Ahead of them now is the task of getting a floor plan together and turning that into brewing space.
"We all get out of school in mid-June, and at that point we'll do some work on it, make it brewery-ready," McDevitt says. "We looked around for about two months for different places down in Cape May County and found a place that has pretty much everything we need, as far as a new-enough building that we don't have to do that much work to it."
The four plan to brew two to three times a week on a 3-barrel set-up to feed an inventory of sixtels and possibly half kegs. If all their recent outreach to Cape May County bars and restaurants to generate interest leads fortune to smile upon them, they'll look to boost their brewing capacity.
"Once things start to move in the right direction, the next step will be a 10-barrel system," McDevitt says.
The partners have been looking at brewing systems from a couple of fabricators who have become central to the burgeoning nano sector of craft brewing.

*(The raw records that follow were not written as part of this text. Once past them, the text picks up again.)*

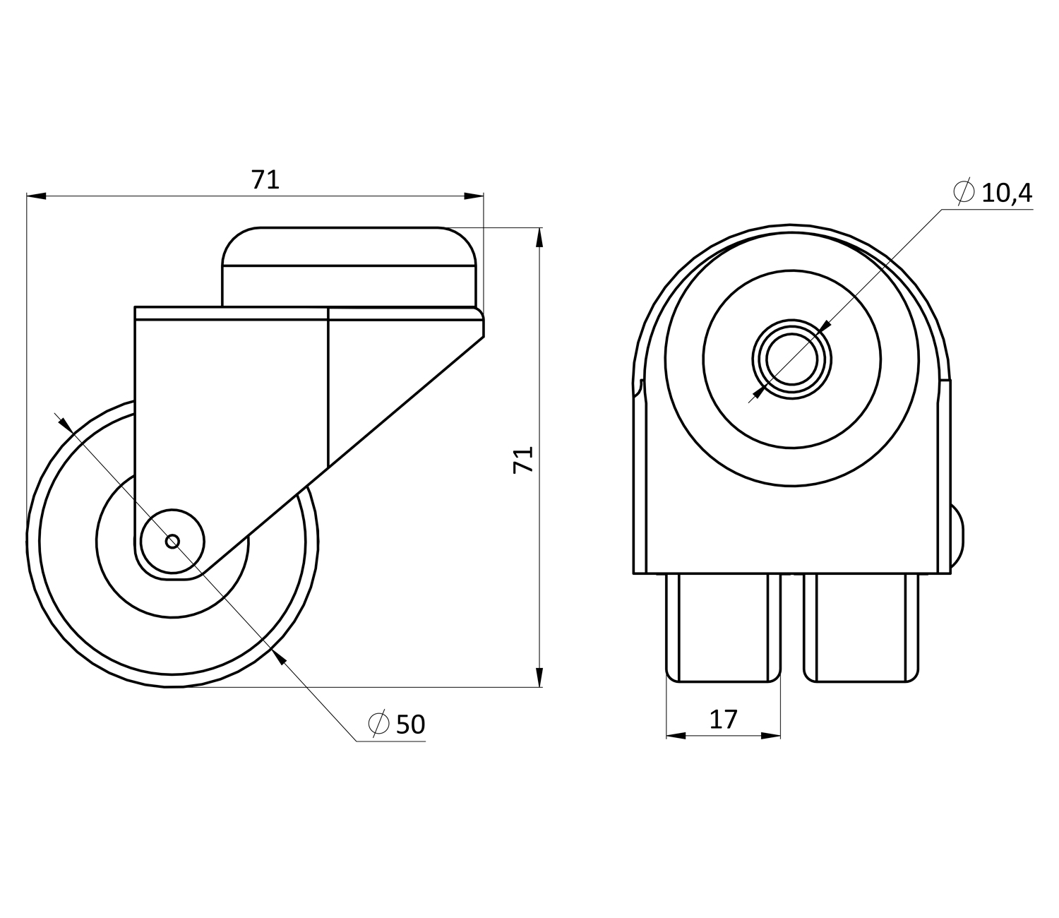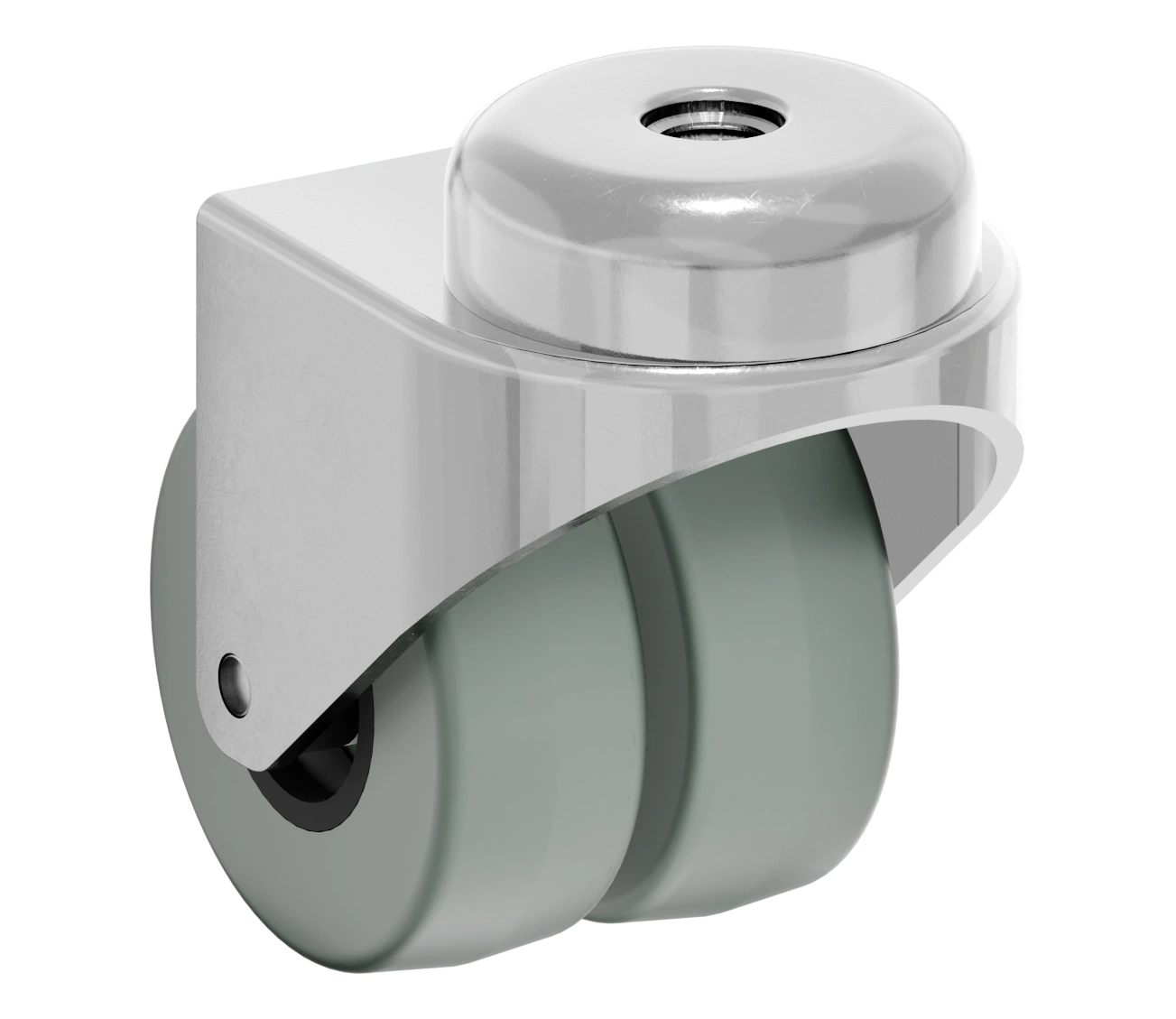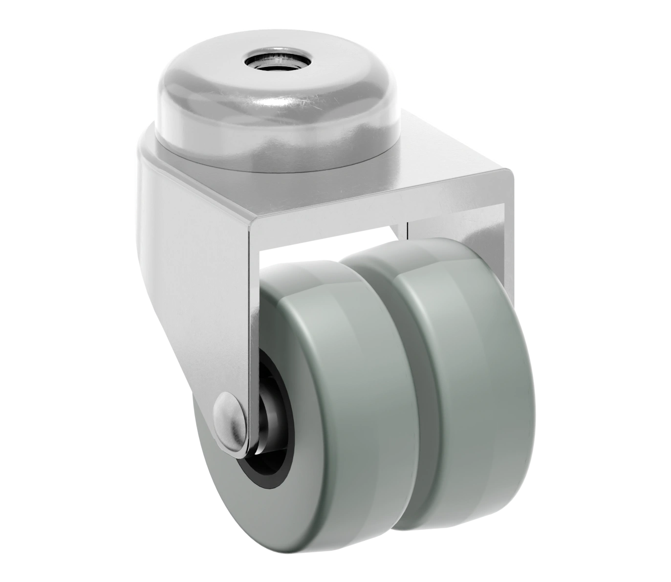Сдвоенный ролик поворотный средней грузоподъемностью, имеет крепление под болт. Используется при производстве конструкций из алюминиевого профиля, которые должны обладать возможностью перемещения их в пространстве, такие как промышленная и рабочая мебель, тележки, различные агрегаты, торговое оборудование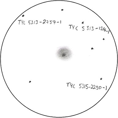"Ensimmäinen usean kuvan valotus digikameralla ja ensimmäinen yhdistäminen ohjelmalla. Pitkän pilvisyysjakson jälkeen vihdoin tähtiä näkyvissä. Keli näytti jo kotoa lähtiessä tosi kehnolta, vain kirkkaimmat tähdet, Saturnus ja Kuu näkyivät. Tornilla päätin kuitenkin yrittää, vaikka pääpeili näytti aivan valkoiselta (täynnä jääkiteitä). Suuntaustähtiä ei paljain silmin tahtonut nähdä lähettyviltä kuin ajoittain. Kohteen löydyttyä se näkyi kameran tähtäimessäkin melko hyvin, tarkentamaan ei kuitenkaan varmuudella pystynyt. Otin muutamia kuvia fokusointia kokeilemalla, lopulta tarkensin kyllin kirkkaaseen tähteen."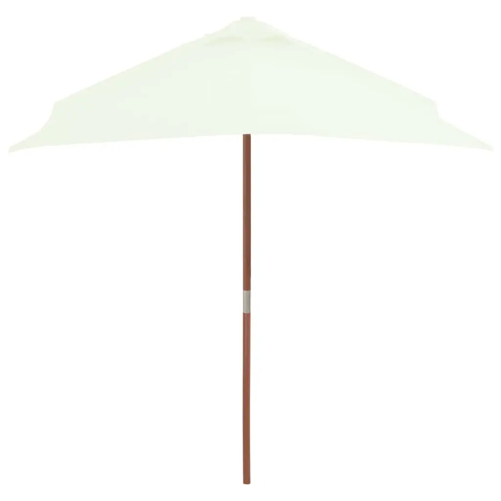 This elegant parasol is perfect to create some shade and protect you from the sun’s harmful UV rays. Made of UV protective and anti-fade polyester, the parasol cover provides you with optimum protection against the sun and is easy to clean. With the pole diameter of 38 mm, it could be mounted on the existing stand or in the middle of tables with holes. The strong wooden pole, along with the 6 durable ribs, makes the parasol very stable and durable. The garden umbrella can be easily opened and closed thanks to the single pulley system. The item is easy to assemble. Please note that we recommend treating the umbrella fabric with a waterproofing spray if it is subjected to heavy rainfall.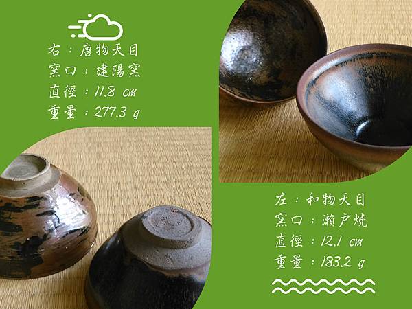 圖二是兩個大小相當的唐物及和物天目茶碗,大家可以比比看他們的重量,現代製品的天目茶碗也是非常輕的,大家可以回去秤秤自己天目茶碗的重量比較一下。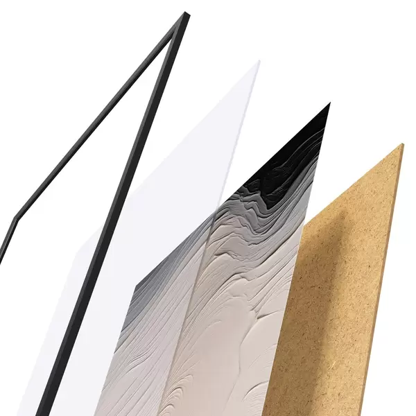 L’affiche encadrée est composée d’un cadre, d’un plexiglas, d’une image imprimée et d’un support en aggloméré. Elle est prête à être accrochée au mur grâce aux fixations situées à l’arrière.
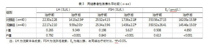 治疗后,两组各性激素水平都低于治疗前,但观察组低于对照组,差异均有统计学意义(P均<0.05)。见表3。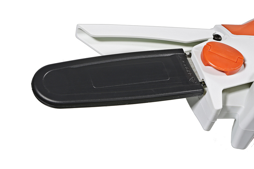 Откидной защитный кожух делает работу с пилой безопасной. При необходимости задействовать всю длину шины, кожух откидывается под углом 90°.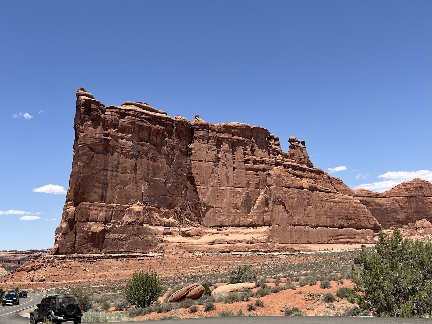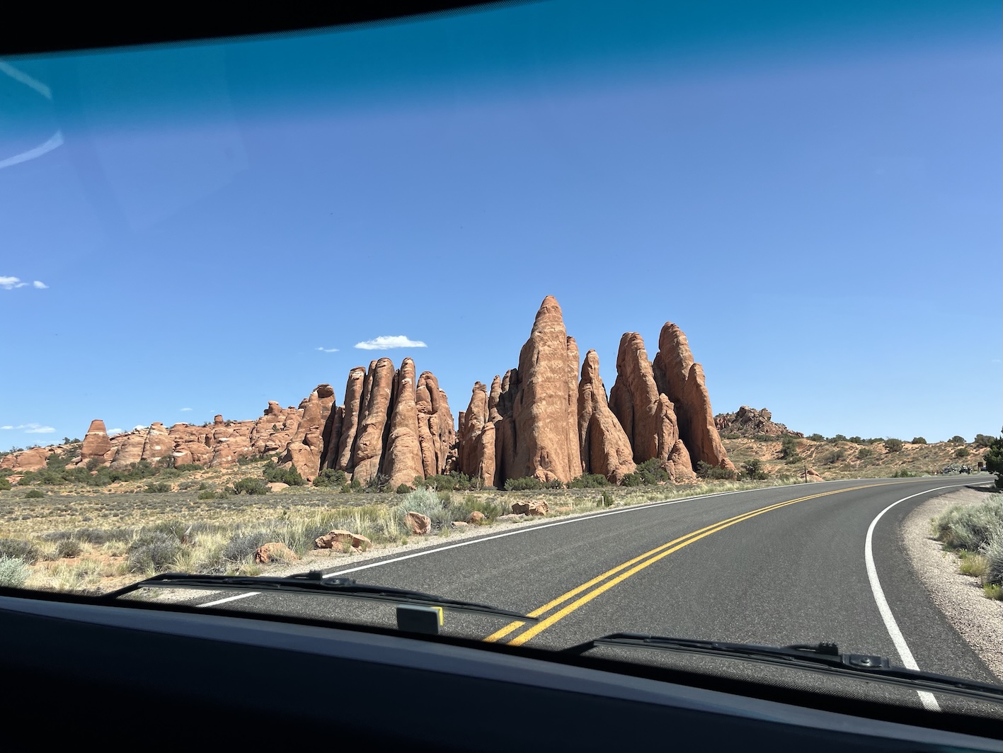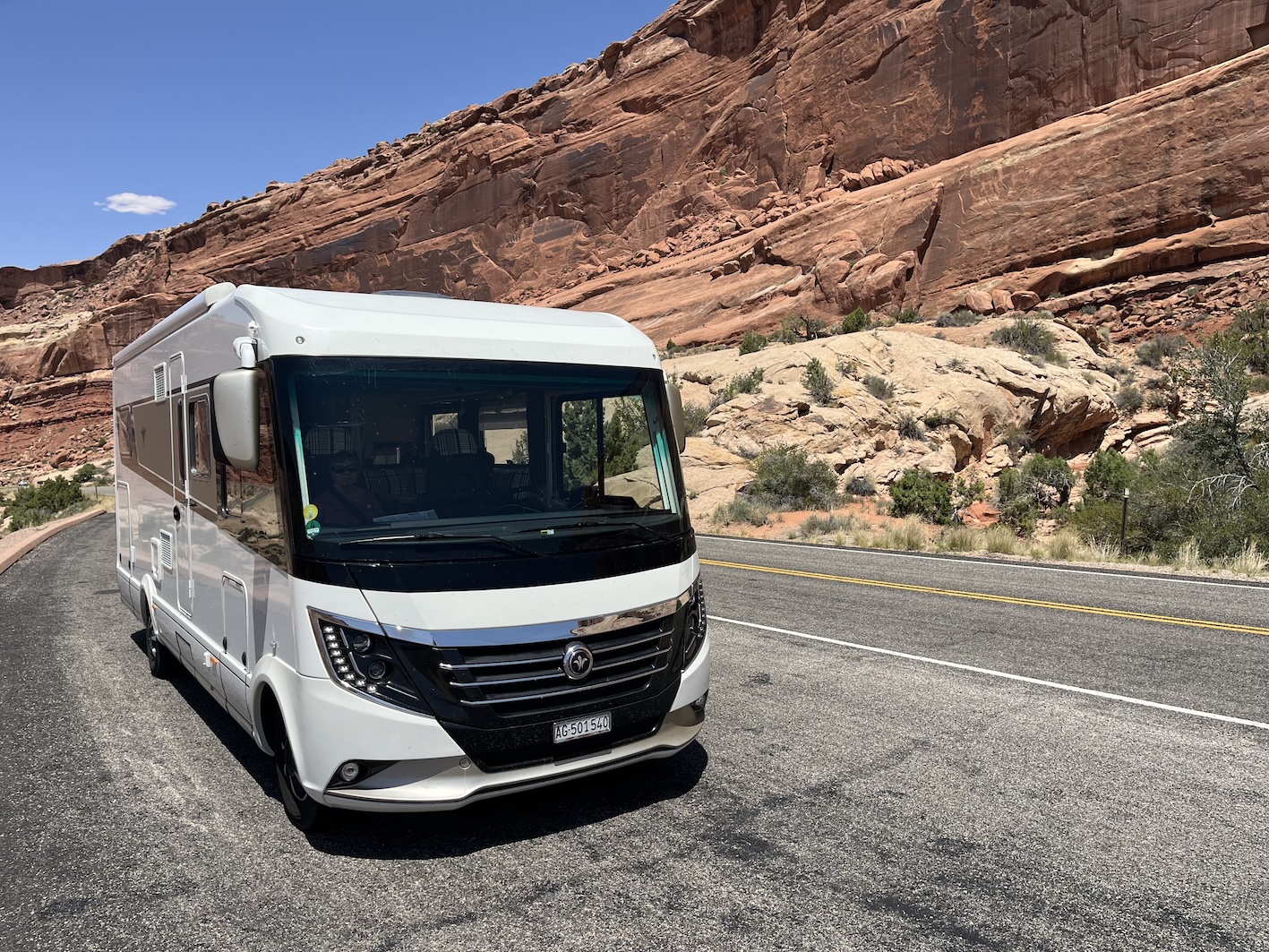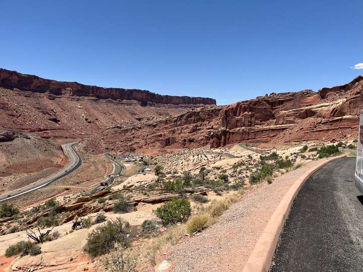 Dazu hatten wir die Dimension des Parks massiv unterschätzt, die Strasse hat enorm viele Kurven und es geht andauernd steil rauf und runter. Nach zwei Drittel der Strecke hatten wir plötzlich Panik, dass uns der Sprit ausgehen könnte und wir liegenbleiben. So haben wir uns entschlossen umzukehren, um in Moab zu tanken. Nach erneutem problemlosen Eintritt konnten wir auch den oberen Drittel des Parks bewundern. (wir haben die Lektion gelernt)😎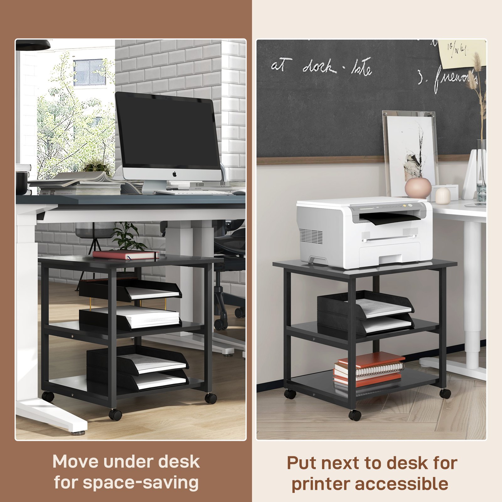 A simple space saver for your home office, with this HOMCOM printer stand. The three-tier design offers plenty for keeping work supplies and a machine all together, in one spot. The steel frame means a strong, supportive core, finished with wheels and two brakes to move easily and have stop in place where needed.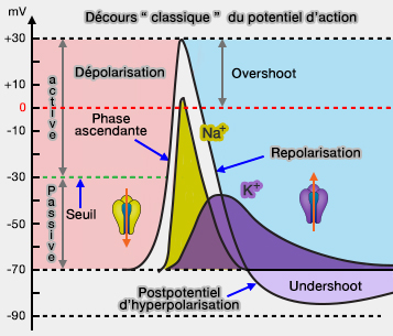 Le signal électrique, le potentiel d'action, est déclenché quand le potentiel synaptique global atteint un certain seuil : les électrorécepteurs sodium et potassium sont alors à la manœuvre ( mouvements ioniques lors du potentiel d'action).

"Psycho (Brew) is one of the systems we're looking at. Obviously money is a factor, and that's one of the more affordable systems," McDevitt says. "The other is, we've looked at a system from Premier Stainless, which makes another 3-barrel model and will custom-fabricate a system."
Long-time followers of New Jersey's craft beer scene may remember the planned Tuckahoe Malt Brewing Company, which failed to get off the ground back in the mid-1990s. McDevitt says he and his partners approached the owners of that name about opening a brewpub under that banner, but opted for a nanobrewery instead and formed their business as Tuckahoe Brewing Company.
On their
blog site, the four say they intend to launch with four styles: pale ale, wit, porter and another ale or pilsner made exclusively with agricultural products grown in New Jersey.
The pale ale, hopped with Cascade, possibly Centennial, and finished with Mount Hood, will likely be the company's flagship brew, McDevitt says.
"That will be what we start with. It's going to be high production with that," he says. "The plan is, right now, to make two seasonals, like a Belgian wit in the spring-summer and a smoked porter for the fall-winter.
Locally made, locally served is a guiding light for Tuckahoe Brewing's business model. McDevitt believes that's something the buying public is keen on these days.
"This area for the longest time hasn't had any local beers besides Flying Fish (from Cherry Hill), but even that is, a little bit, a ways away," he says. "So hopefully, we can do some good for the Cape May and Atlantic County areas, hopefully get some people excited about drinking some locally made beer."